Multimillionär ging mit Messer auf Sachwalter los

Multimillionär ging mit Messer auf Sachwalter los
Prozess: 61-jähriger Wiener fühlte sich um sein Geld gebracht: "Messer ist unglücklicherweise da gelegen." Bedingte Einweisung.

Der Mann könnte ein sorgloses Leben führen: Er hat geerbt. Und zwar sehr viel. Der Wiener besitzt etliche Zinshäuser, hat mehrere Millionen an Vermögen auf der hohen Kante. Stattdessen sitzt er Freitagvormittag in einem kleinen, stickigen Verhandlungssaal im Landesgericht für Strafsachen in Wien. Dem 61-Jährigen wird vorgeworfen, seinen Sachwalter mit einem Messer ins Gesicht gestochen zu haben. Der Übergriff ging glimpflich aus: Ein Amtsarzt stellte nur eine Stichverletzung mit 0,5 Zentimeter Größe fest. Doch es hätte schlimmer kommen können. Weil der Mann damals allerdings nicht zurechnungsfähig war, geht es vor Gericht um eine mögliche Einweisung in den Maßnahmenvollzug.

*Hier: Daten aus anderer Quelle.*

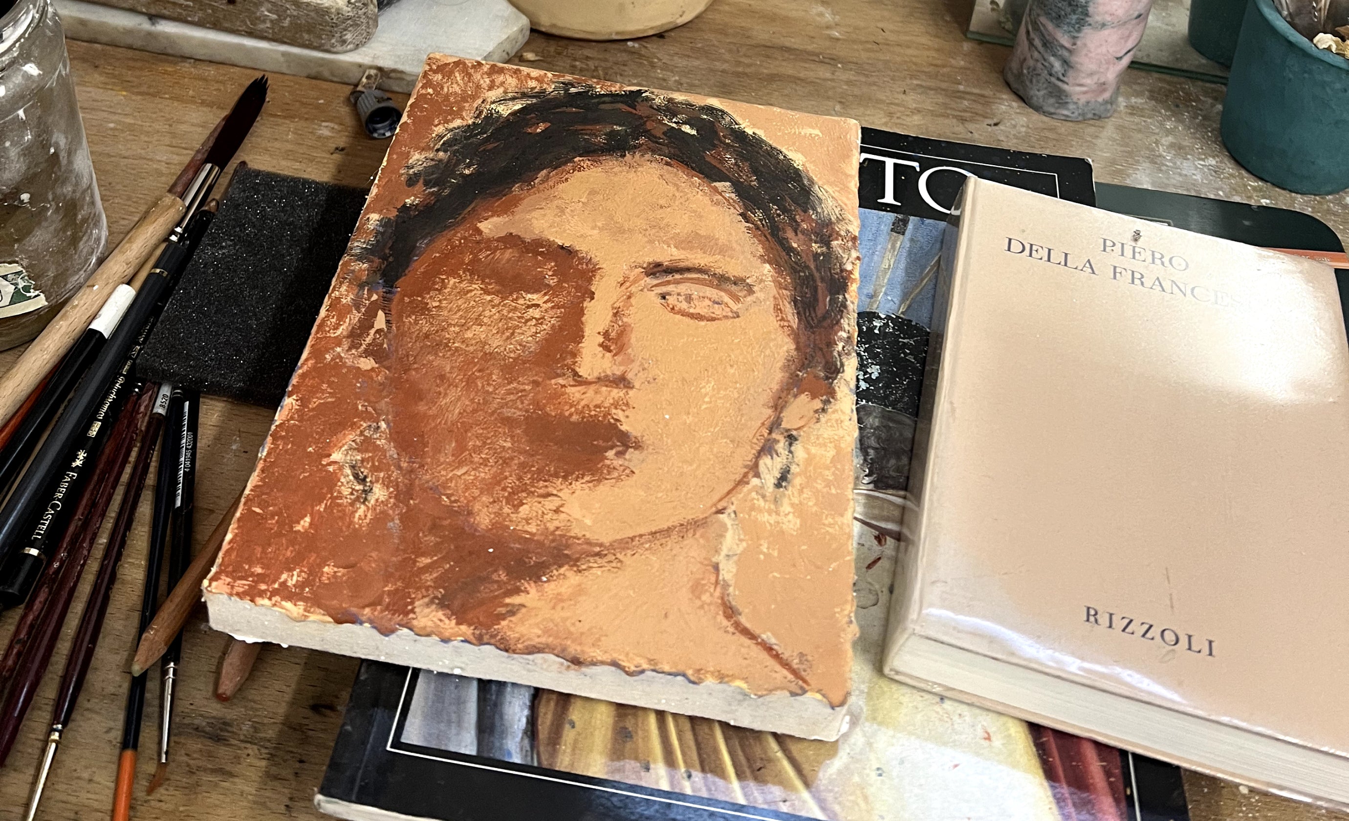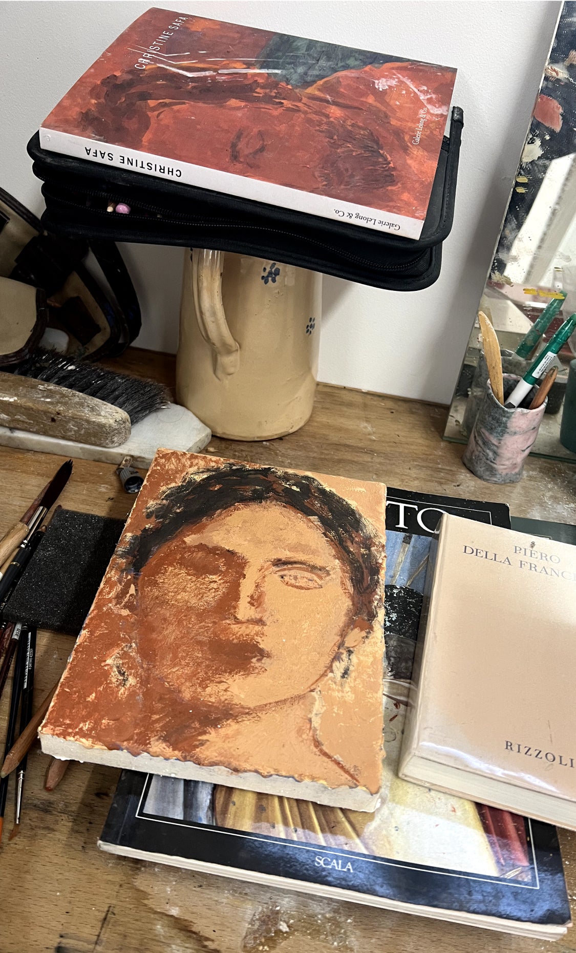 self-portrait in tempera, books by Pierro della Francesca and Giotto,

Herr S. hat ein Problem: Er trinkt zu viel. Und das schon sehr lange. "Chronischen Alkoholismus", nennt das der psychiatrische Gutachter Peter Hofmann. Dazu kommt noch eine emotionale Instabilität. In Kombination macht das eine Persönlichkeitsstörung. "Alkoholiker bekommen oft Verfolgungswahn."

Streit ums Geld

Der Betroffene jedenfalls fühlte sich von seinem Sachwalter, einem Anwalt, um sein Vermögen geprellt. Rechtsanwalt Elmar Kresbach rechnet vor: "Allein in einem Jahr hat der Kollege 131.734,87 Euro für seine Tätigkeit abgerechnet." Das war für Herrn S. zu viel. Sein Sachwalter hätte ihn außerdem mehrmals in die Psychiatrie einweisen lassen wollen, berichtet er. Dass es schon im Vorfeld zwischenmenschliche Probleme gab, ist aktenkundig. In einem Beschluss des zuständigen Bezirksgerichtes hieß es: Der Betreute hegte von Beginn an große Vorbehalte und Abneigung gegen den Erwachsenenvertreter." Dem widerspricht der Staatsanwalt. "Das ist eine klassische Täter-Opfer-Umkehr."

Am 20. März eskalierte die Situation. Der Anwalt und sein Sohn hatten Herrn S. in seiner Wohnung aufgesucht. Es sei anfangs ein höfliches Gespräch gewesen, erinnern sich alle Beteiligten. Doch dann geriet man in einen Streit. Herr S. soll daraufhin die Wohnungstür von innen verschlossen, den Schlüssel hinter die Couch geschmissen und zum Küchenmesser gegriffen haben. Zuvor soll er laut Anwalt gesagt haben: "Sie werden heute sterben. Sie kommen hier nicht lebend raus."

"Er ist ein notorischer Lügner", sagt Herr S. Er habe nach dem Stich nur gesagt: "Jetzt schaust du endlich so aus, wie du bist." Nach dem Übergriff, so erinnert sich Herr S., hätte er jedenfalls selbst eine volle Flasche Wein über den Kopf gezogen bekommen. "Das war ein Mordversuch."

Botanische Weisheiten

Der Staatsanwalt hakt ein: "Was kann passieren, wenn man jemandem ins Gesicht sticht?" Derartige Fragen nerven den Betroffenen. "Dann wachsen die Blumen in meinem Garten besser."

Seit dem Vorfall hat Herr S. keinen Alkohol mehr getrunken, er wird medizinisch betreut. Das macht sich bezahlt. Er wirkt klar. "Sein Zustand hat sich deutlich verbessert", sagt auch Gutachter Hofmann. Und er schlägt deshalb eine bedingte Einweisung vor. Doch Herr S. müsse sich an Auflagen halten: Eine Alkohol-Therapie. "Er kann sich ja die beste leisten, die es gibt." Und regelmäßige Kontrollen.

Das Gericht folgte dem Vorschlag des Sachverständigen und sprach eine bedingte Einweisung in eine Anstalt für geistig abnorme Rechtsbrecher aus; rechtskräftig. Bedeutet: Hält sich Herr S. an die Vorgaben, bleibt er in Freiheit.